Voltando a partida da última quarta, o Santos deixou a Bombonera com uma reclamação formal enviada para a Conmebol sobre a arbitragem do chilena Rooberto Tobar.

Sobre o lance, o ex-árbitro e comentarista dos canais esportivos Disney, Carlos Eugenio Simon, disse que: "No protocolo está determinado que o árbitro veja o lance. Um lance capital do jogo. Estou curioso pra ouvir o áudio da sala do VAR".

A Conmebol divulgou nesta quinta (7) o áudio, na qual os árbitros avaliam como um "lance de jogo" e dizem que Marinho se atirou no gramado após o contato de Izquierdoz, aos 38 do segundo tempo. Mesmo assim o Santos vai formalizar a queixa.

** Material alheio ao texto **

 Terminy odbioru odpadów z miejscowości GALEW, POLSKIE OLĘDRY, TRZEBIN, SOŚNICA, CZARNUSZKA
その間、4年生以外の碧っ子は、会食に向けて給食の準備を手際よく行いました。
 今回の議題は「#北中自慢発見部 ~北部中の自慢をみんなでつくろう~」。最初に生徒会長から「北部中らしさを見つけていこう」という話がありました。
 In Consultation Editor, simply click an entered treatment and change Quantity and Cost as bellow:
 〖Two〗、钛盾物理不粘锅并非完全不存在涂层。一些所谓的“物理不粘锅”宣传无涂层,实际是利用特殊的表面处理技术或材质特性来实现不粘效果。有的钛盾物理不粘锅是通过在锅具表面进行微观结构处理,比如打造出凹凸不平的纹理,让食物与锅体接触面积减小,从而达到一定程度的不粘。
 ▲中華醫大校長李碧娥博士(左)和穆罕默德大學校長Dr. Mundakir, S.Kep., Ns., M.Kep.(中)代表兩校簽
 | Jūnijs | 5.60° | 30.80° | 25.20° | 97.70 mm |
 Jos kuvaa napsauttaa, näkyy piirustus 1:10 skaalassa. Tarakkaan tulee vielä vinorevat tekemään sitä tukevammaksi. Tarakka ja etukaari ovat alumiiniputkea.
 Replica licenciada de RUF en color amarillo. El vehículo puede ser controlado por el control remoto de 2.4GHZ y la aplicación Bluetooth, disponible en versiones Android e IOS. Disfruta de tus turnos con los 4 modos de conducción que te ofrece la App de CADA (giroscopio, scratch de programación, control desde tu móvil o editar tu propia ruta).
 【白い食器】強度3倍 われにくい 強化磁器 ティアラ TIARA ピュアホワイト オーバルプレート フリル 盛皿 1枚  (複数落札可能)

Quando a arbitragem foi 'boa' para o Boca

2020 – Boca Juniors 0x0 Santos [semifinal]

O chileno Roberto Tobar poderia ter dado pênalti de Carlos Izquierdoz em Marinho, que foi derrubado pelo argentino na área. Mas acabou seguindo orientação do VAR. Sem revisar o lance, nada marcou. Foi o primeiro jogo pela semifinal.

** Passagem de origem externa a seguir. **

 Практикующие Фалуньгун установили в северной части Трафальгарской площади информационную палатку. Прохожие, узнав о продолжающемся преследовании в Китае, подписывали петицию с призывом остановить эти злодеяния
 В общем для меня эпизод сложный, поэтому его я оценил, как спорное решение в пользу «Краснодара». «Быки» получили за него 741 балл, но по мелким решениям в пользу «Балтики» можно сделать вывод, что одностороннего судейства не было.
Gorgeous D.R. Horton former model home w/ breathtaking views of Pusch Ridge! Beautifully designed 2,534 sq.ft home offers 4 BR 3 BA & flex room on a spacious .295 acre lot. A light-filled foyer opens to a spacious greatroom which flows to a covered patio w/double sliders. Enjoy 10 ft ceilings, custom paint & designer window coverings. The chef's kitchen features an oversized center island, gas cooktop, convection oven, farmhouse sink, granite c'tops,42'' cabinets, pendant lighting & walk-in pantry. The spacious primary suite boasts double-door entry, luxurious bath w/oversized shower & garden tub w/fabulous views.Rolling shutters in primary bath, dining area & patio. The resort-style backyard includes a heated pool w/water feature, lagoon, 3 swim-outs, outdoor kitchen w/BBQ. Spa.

2018 – Boca Juniors 2x0 Cruzeiro [quartas]

O paraguaio Eber Aquino expulsou Dedé após um choque acidental do zagueiro com o goleiro Andrada. O detalhe é que ele revisou o lance no VAR. Na série, Boca avançou.

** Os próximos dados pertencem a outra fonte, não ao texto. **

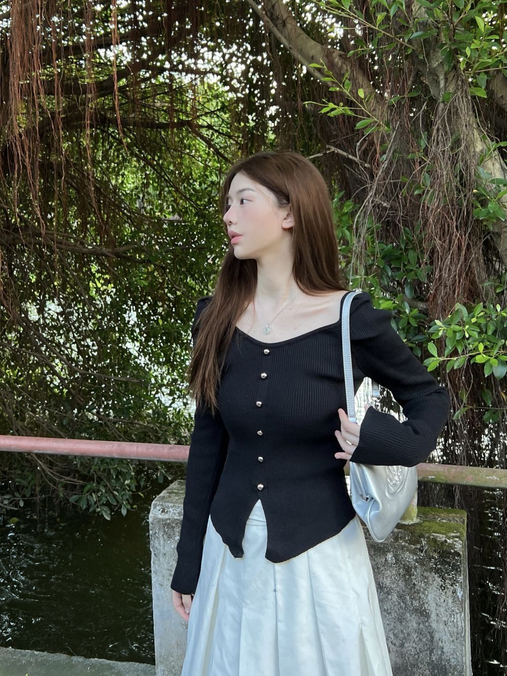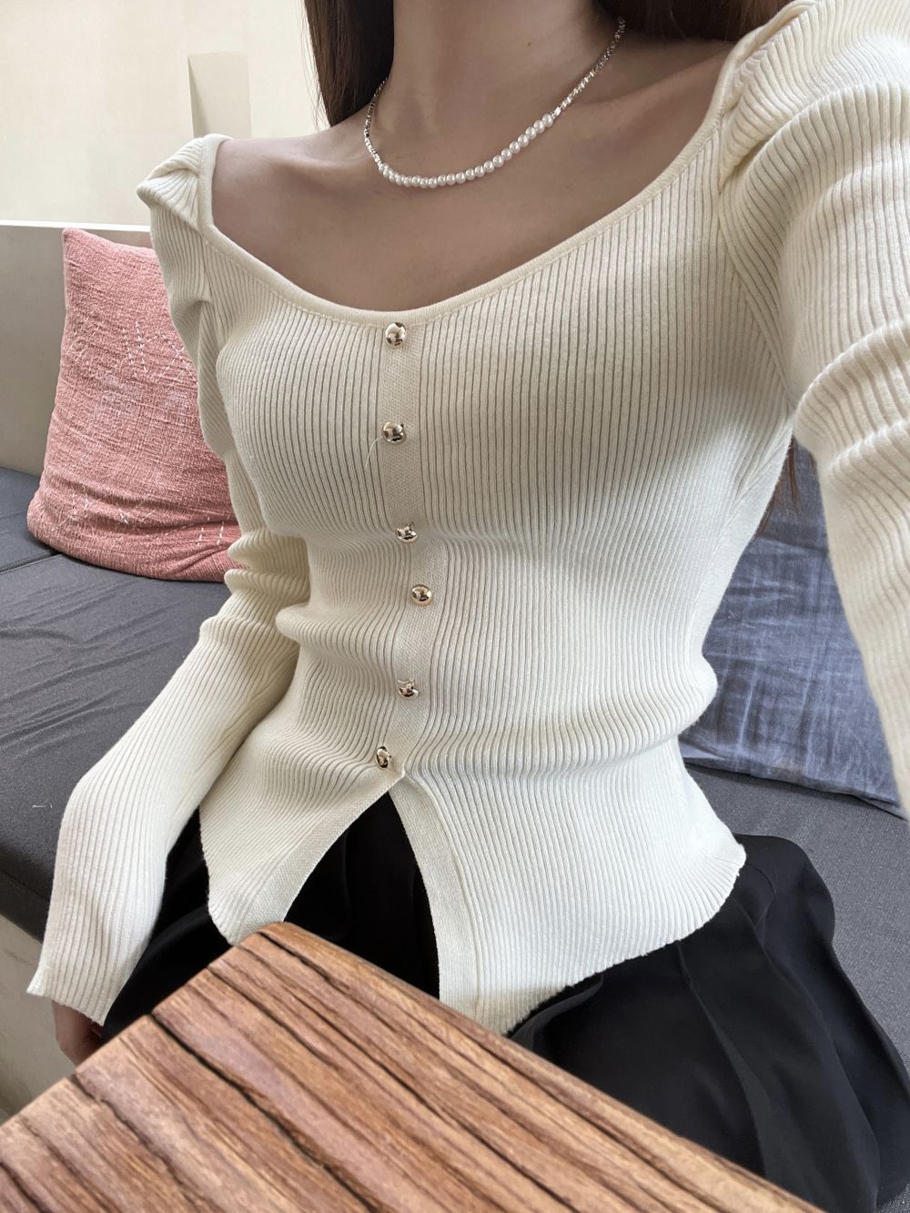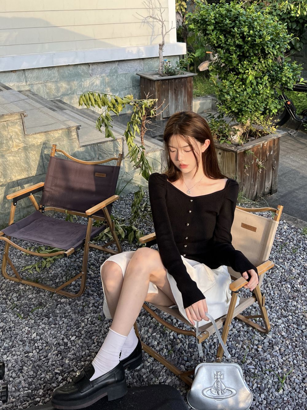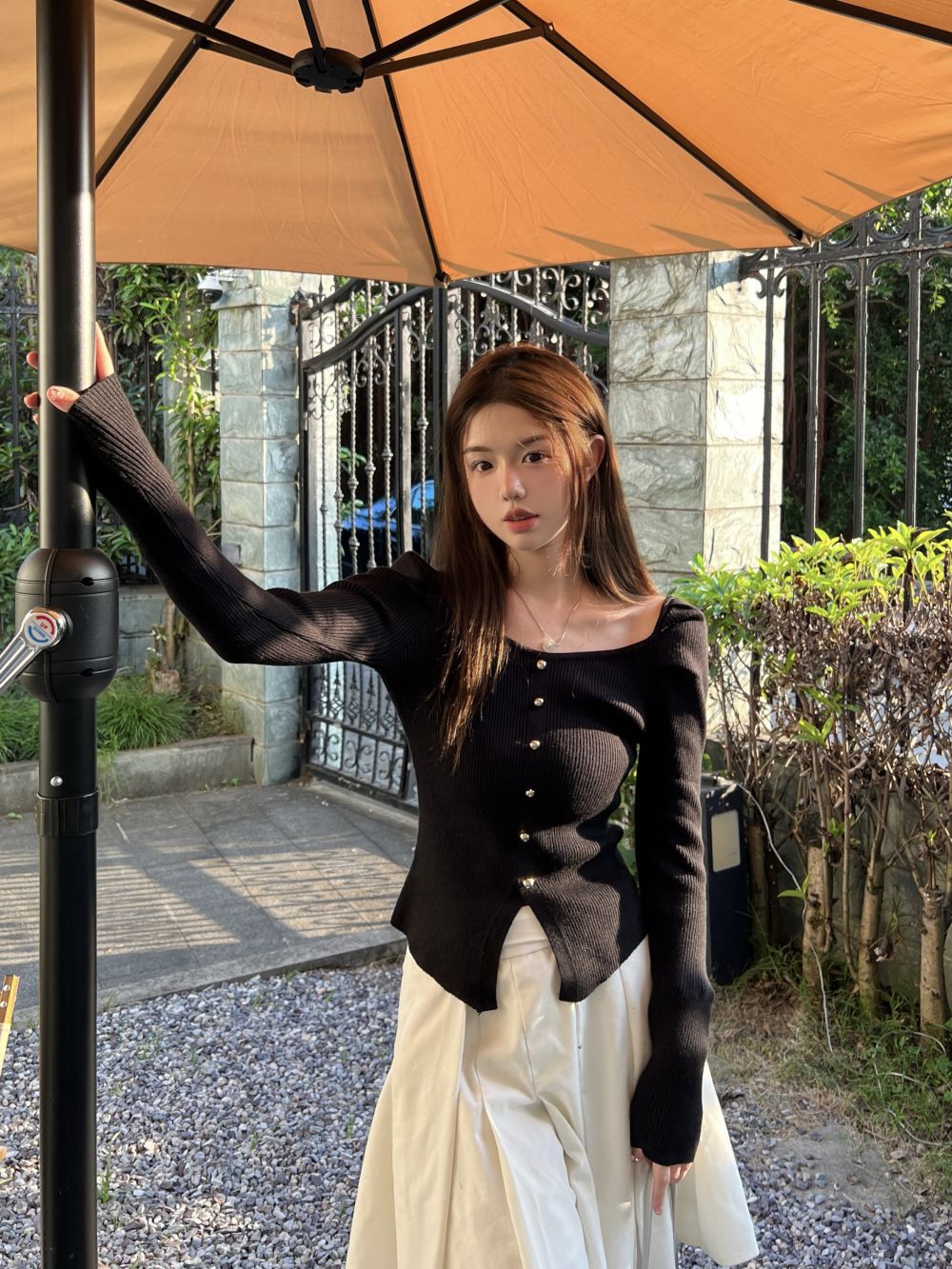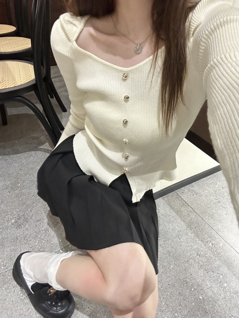 JMA-110 实拍 2023秋季韩版简约修身方领软糯针织衫上衣法式气质打底毛衣

2013 – Corinthians 1x1 Boca Juniors [oitavas]

O paraguaio Carlos Amarilla anulou dois gols legítimos (Romarinho e Paulinho) e ignorou dois pênaltis claros (um em Sheik e outro em toque de mão de Marín na área) para o Corinthians. Boca avançou por ter vencido na ida por 1 a 0. Boca avançou. Em 2015, foi divulgado uma gravação telefônica em que o então presidente da Associação do Futebol Argentino, Julio Grondona, afirmava ter participação na escolha do árbitro, em um possível esquema para beneficiar o clube argentino.

2012 – Boca Juniors 1x0 Fluminense [quartas]

O colombiano José Hernando Buitrago ignorou cotovelada de Clemente Rodríguez em Marcos Júnior; expulsou Carlinhos em lance questionado pelos tricolores e ignorou o toque de mão de Roncaglia dentro da área. Na série, Boca avançou.

2007 – Boca Juniors 3x0 Grêmio [final]

O uruguaio Jorge Larrionda validou o primeiro gol do Boca apesar de Riquelme e Palácio (autor do tento) estarem impedidos. Os gremistas também reclamaram pela expulsão de Sandro Goiano aos 12 minutos do segundo tempo. Depois sofreu mais dois gols. Boca foi o campeão no segundo jogo, em Porto Alegre.

2001 – Boca Juniors 2x2 Palmeiras [semifinal]

O paraguaio Ubaldo Aquino deu um pênalti questionado ao Boca, em lance entre Alexandre sobre Barihjo, e ignorou um pênalti claro cometido pelo goleiro Córdoba em Fernando. Boca avançou.

2000 – Palmeiras 0x0 Boca Juniors [final]

O paraguaio Epifanio González ignorou duas penalidades no Morumbi, uma cometida em Asprilla e outra em Pena, o que manteve o empate e fez o título ser decidido nos pênaltis. Boca campeão.